I've tried turning to BioPerl to do this and have written a script to take a fasta alignment and run Tajima's analyses on it to return statistics. It runs fine, but I am getting very different values for certain metrics than what I would get on DNAsp.
Here is my code (my input file is a fasta formatted alignment file):
#!/usr/bin/perl
use warnings;
use strict;
use Bio::AlignIO;
use Bio::PopGen::IO;
use Bio::PopGen::Statistics;
use Bio::PopGen::Utilities;
my $infile = shift;
my $in = Bio::AlignIO->new(-format => 'fasta', -file => $infile);
my $aln;
if($aln = $in->next_aln){
}
my $pop = Bio::PopGen::Utilities->aln_to_population(-alignment=>$aln, -include_monomorphic =>1);
my $pi = Bio::PopGen::Statistics->pi($pop);
my $theta = Bio::PopGen::Statistics->theta($pop);
my $D = Bio::PopGen::Statistics->tajima_D($pop);
my $segsites = Bio::PopGen::Statistics->segregating_sites_count($pop);
print "Pi = $pi"."\n"."Theta = $theta"."\n"."Tajima's D = $D"."\n"."SegSites = $segsites"."\n";
If I compare the results from DNAsp and Bioperl I get the following:
DNAsp
Pi: 0.00020 Theta (per site): 0.00958 Tajima's D: -2.21621 SegSites: 18
BioPerl
Pi: 0.04944 Theta: 2.16841 Tajima's D: -2.21623 SegSites: 18
Does anyone know why Pi and Theta are so different?
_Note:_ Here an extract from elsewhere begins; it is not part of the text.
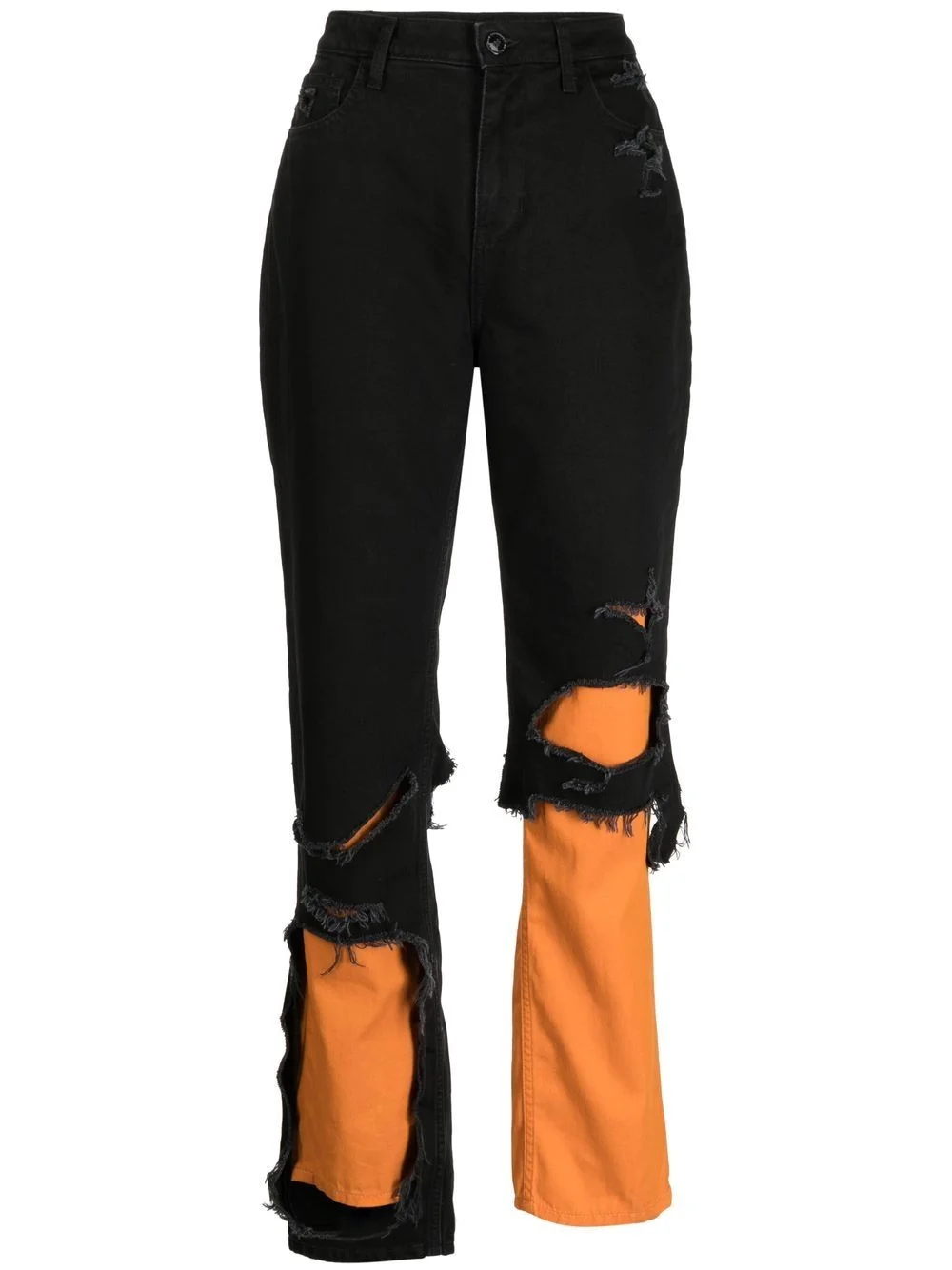 distressed-effect straight-leg jeans Raf Simons' irreverent approach to fashion is shown by the distressed effect of these jeans. This black piece is detailed with ripped details that open to orange panels, offering a bold look. Made in Italy Composition Cotton 100% SIZE & FIT Model measurements Height 5 ft 10 in(1.77 m) Bust/Chest 31.49 in(80 cm) Hips 35.43 in(90 cm) Waist 25.19 in(64 cm) FittingInformation This piece fits true to size. We recommend you get your regular size Cut for a slim fit Made with a mid-weight non-stretch fabric Washing instructions Dry Clean Only

Moreover, is there any way that I can get it to spit out the number of sequences in the alignment file and measure the statistical significance of the Tajima's D-test?
Thanks,
Matt
My guess but DNASP gives per site value (divided by the length of ungapped alignment) whereas BioPerl seems go give added diversity for the whole sequence. Can you divide by the ungapped alignment length and see if the values start matching ?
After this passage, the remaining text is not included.